Exercise brief – Emit a verbatim copy of the lines below from the line with "开奖回顾:福彩3D第2024" through the line with "Selling a pair", excluding pictures and everything outside that range.

Recorded data –
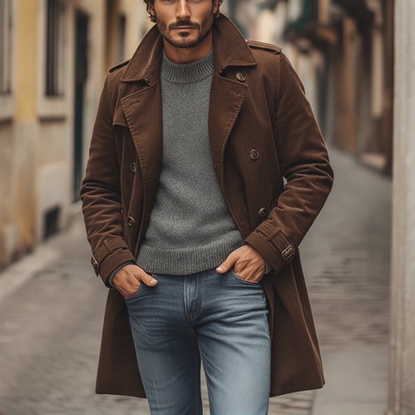 Men's Retro Casual Knit Double-Breasted Mid-Length Coat MTA3130J8TO
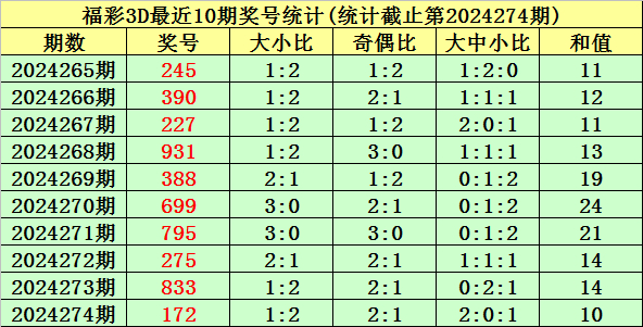 开奖回顾:福彩3D第2024274期奖号为:172。奖号类型为组六,和值为10,奇偶比为2:1,跨度为6,012路比为0:2:1,大小比为1:2。
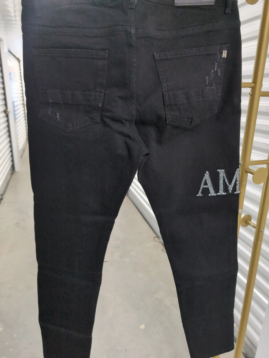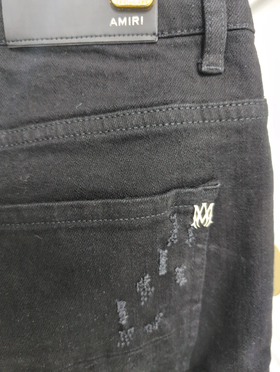 Selling a pair of Amiri jeans in black. These jeans feature a distressed design and the Amiri logo on the back pocket and leg. They are in good condition and ready for a new home!
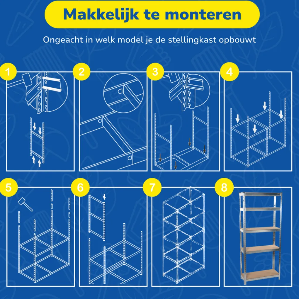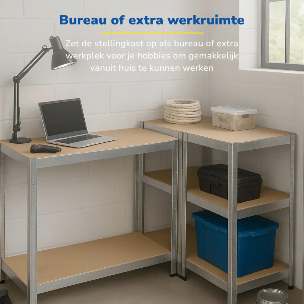 Dit opbergrek van Kinzo kan heel wat hebben. Daarom is deze stellingkast ook zo geschikt om op zolder, in de garage, schuur of andere bergruimte te dienen als opslag voor zware materialen, gereedschap, voorraad, boxen en dozen en alle andere zwaardere zaken die je graag netjes wilt opbergen. Kan in totaal 750 kilo dragen In totaal draagt dit opbergrek maar liefst 750 kilo. Aangezien dit opbergrek 5 legplanken heeft is dat 150 kilo per plank. De kast zelf is circa 172 x 75 x 30 centimeter. Er kan dus heel wat in opgeslagen worden. Staat binnen 10 minuten Je krijgt deze stellingkast als bouwpakket. Het opbergrek in elkaar zetten is een fluitje van een cent zeker met de duidelijke handleiding erbij. Er komen helemaal geen schroeven aan te pas. De metalen houders hebben klemmetjes die je gemakkelijk in elkaar schuift. Binnen 10 minuten staat je opbergrek! De stevige planken zijn gemaakt van MDF van 4 millimeter dik. Je legt ze op de dragers zodat er een zeer stevig geheel ontstaat. Op diverse manieren op te zetten Je kunt deze stellingkast op diverse manieren opzetten. Verticaal opgezet is het een handige kast met 5 planken onder elkaar. Horizontaal opgebouwd kun je de bovenkant van dit opbergrek ook nog als werkblad gebruiken. Mocht je durven: Deze stellingkast staat ook mooi in een industrieel interieur. Bijvoorbeeld als boekenkast, keukenkast of om je mooie spulletjes in uit te stallen.

Response to the task –
 开奖回顾:福彩3D第2024274期奖号为:172。奖号类型为组六,和值为10,奇偶比为2:1,跨度为6,012路比为0:2:1,大小比为1:2。
 Selling a pair of Amiri jeans in black. These jeans feature a distressed design and the Amiri logo on the back pocket and leg. They are in good condition and ready for a new home!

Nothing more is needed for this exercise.